Homework 10

Concurrency

Please submit homeworks via the DCI submission page.

In this homework, I’ve tasked you with writing a search program. The program’s interface is as follows:

$ ./search
Usage: search needle [haystack]
    where needle is a string and haystack is a directory (defaulting to .)

For example, suppose I have a directory test with two files in it, test.txt and fail.txt.

$ ./search
Usage: search needle [haystack]
    where needle is a string and haystack is a directory (defaulting to .)
$ cd test
$ ../search sir
./test.txt
$

That is, it prints out the files that include the string. I could also run:

$ ./search sir test
test/test.txt
$

Searching for a string that isn’t present at all produces no output; searching for a string that’s present in more than one file prints those files out in some arbitrary order.

$ ./search absent test
$ ./search " " test
test/fail.txt
test/test.txt
$

Sample directories are avaiable on the CS network in /common/cs/cs131/hw10. There are three of them: /common/cs/cs131/hw10/test/ is the directory used in the examples above. /common/cs/cs131/hw10/little/ has 15 megabytes of data in it; /common/cs/cs131/hw10/big/ has 518 megabytes of data in it. (Take a look! I highly recommend the music and movies in that directory.)

Your program will need to handle all of those directories, plus some I have not shown you. There are two gotchas you should watch out for: binary files (look inside them!) and the number of available file descriptors (don’t run out!).

Grading

My original plan was to have this homework be out of three points:

  • 1 point for writing a program that works
  • 1 point for writing a program that’s faster than my single-threaded implementation
  • 1 point for writing a program that’s faster than my multi-threaded implementation
  • 1 single point of extra credit for the fastest of all solutions (has to get all three points, first!)
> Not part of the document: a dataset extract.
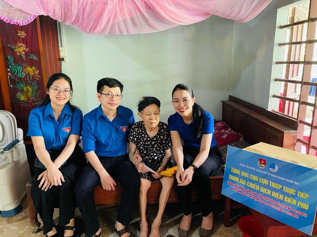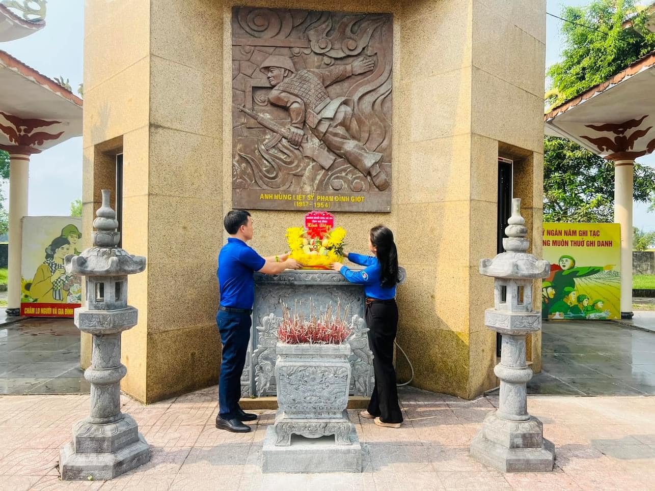 Đoàn đã dâng hương tại Đài tưởng niệm anh hùng liệt sĩ Phan Đình Giót tại Nghĩa trang Liệt sĩ xã Cẩm Quan, huyện Cẩm Xuyên, thể hiện lòng thành kính và tri ân sâu sắc đối với những người đã hy sinh cho Tổ quốc. Tiếp đó, đoàn đã thăm hỏi sức khỏe và tặng quà các cựu thanh niên xung phong trực tiếp tham gia Chiến dịch Điện Biên Phủ, Mẹ Việt Nam Anh hùng và thân nhân của anh hùng liệt sĩ Phan Đình Giót trên địa bàn huyện Cẩm Xuyên. Tổng cộng 10 suất quà, mỗi suất trị giá 500 nghìn đồng, cùng một thùng C sủi vitamin trị giá 1 triệu đồng đã được trao tận tay đến các gia đình.

There’s a hitch, though: without doing a deep-dive on parallel I/O, I wasn’t able to get my multi-threaded program to go faster than my single-threaded program on all inputs. My problem is a common one! Concurrent programs are often slower than their single-threaded counterparts. So, here are the revised grading guidelines.

  • 1 point for writing a program that works
  • 1 point for writing a program that’s faster than one of my implementations
  • 1 point for writing a program that’s faster than both of my implementations
  • 1 single point of extra credit for the fastest of all solutions (has to get all three points, first!)

So: how fast are my implementations? Here are the numbers produced from the benchmarking script /common/cs/cs131/hw10/benchmark on each input. The script runs the program once to “warm things up”, then it takes the mean wall clock time of 5 runs. I’ve highlighted the top-performing program on each input.

Search string Directory Single-threaded run time Multi-threaded run time grep-based run time
absent /common/cs/cs131/hw10/test 0.1 0.0 0.1
xyzzy /common/cs/cs131/hw10/little 0.120 0.122 0.492
weightb /common/cs/cs131/hw10/big 1.116 1.088 1.934

There are three implementations listed here: my single-threaded implementation, my multi-threaded implementation, and an implementation based on OS X grep.

I ran this code on cslab-2 in Edmunds 227 when the fileserver was relatively quiescent; I’ll be grading in a similar environment. You may want to run tests on your own computer, but be careful: your computer may have different performance than the lab computers!

Submission

You may write your program in any language. Please submit (via DCI) a zipfile with README explaining how I can compile and run your program, whether your program is multi- or single- threaded, and a high-level description of your approach to the problem. If you’re familiar with them, Makefiles are appreciated.

Your code must run on the lab computers. It’s okay if you have to install a specific compiler to get it to run, but be certain to give me good instructions.

Remember: if we can’t run your code, we can’t grade it.